Robert Bresson y el cinematógrafo


Cambió el pincel por la cámara y se alejó de la plasticidad para crear narrativa, poesía, fragmentos de vida. Robert Bresson llegó al cine con la idea de ser autor y artista. Sentía el audiovisual como arte y asumió la responsabilidad absoluta de sus películas. Quiso ser y fue el creador total de su obra, quien asume el control desde la escritura hasta el montaje, aunque para algunas de sus películas se inspirase en ideas de novelas y cuentos de escritores como Tolstoi, Bernanos o Dostoievski. Ante una película de Bresson, solo queda aceptar que cuanto se ve en la pantalla nace en él, salvo en sus dos primeros largometrajes, en los que contó con la colaboración de Giradoux y Cocteau, respectivamente. Como la de todo artista, la obra de Bresson es única, reconocible, abierta al estudio crítico y a la fuga de la explicación; pues el arte puede explicarse racionalmente hasta cierto límite, tras el cual queda el nudo emocional entre la obra y quien la siente. En ese punto, la obra se vuelve sensible y emocional, y no hay palabras exactas que puedan explicar las sensaciones e impresiones que recorren la distancia que separan y unen “objeto” y “sujeto”. Dicha distancia existe en Bresson, incluso podría decirse que es su “artificio”, el saber desprenderse de lo superfluo y de la actuación, el que la crea. Componía sus obras cinematográficas y durante su elaboración estaba abierto a la improvisación, a su reflexión.
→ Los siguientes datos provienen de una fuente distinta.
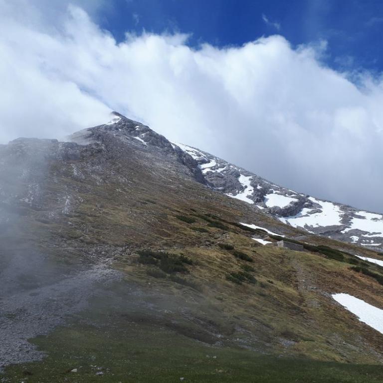 Um 7 Uhr krochen wir aus den Schlafsäcken und packten alles zusammen. Es gab beheizte Toiletten am Parkplatz, die wir gerne nutzen um auch die Zähne im Warmen zu putzen. Obwohl es nieselte entschieden wir uns für den Aufstieg zum Watzmannhaus. Angeschrieben waren 4 Stunden, aber wir schafften die 1300 Höhenmeter in 2 Stunden. Zum Schluss mussten wir noch über ein Schneefeld klettern und wie bestellt verzogen sich Nebel und Wolken und der Watzmann zeigte sich uns in seiner vollen Pracht. Das Watzmannhaus hatte geschlossen, aber der Winterraum war offen. Hier konnten wir uns umziehen und auch unsere mitgebrachte Brotzeit essen. Auf dem Aufstiegsweg liefen wir nach unten. Da die Stubenalm geöffnet hatte, kehrten wir auf eine Radler und Kuchen ein. Nach insgesamt 4 Stunden und 14 Kilometer erreichten wir wieder das Auto. Auf drei Tagen legten wir 76 Trailkilometer mit 5000 Höhenmetern zurück. Respekt Brigitte vor deiner Leistung. Es hat wie immer viel Spaß mit dir gemacht :-)

Es decir, inicialmente existía la idea en mente, pero no sería su forma definitiva, puesto que esta cobra forma, cuerpo, a medida que se crea. La idea inicial es un esbozo, el paso desde el que partir. Un guion puede ser una obra en sí misma, incluso podría hablarse de un “guion de hierro”, como en el caso de Pudovkin, pero ninguna película es su guion; son dos formas distintas. En Bresson, aunque exista la idea y la escritura, el artista no sabe de antemano la forma de su creación definitiva, la que finalmente cobra su cuerpo en la pantalla y en el como la vemos, oímos, sentimos...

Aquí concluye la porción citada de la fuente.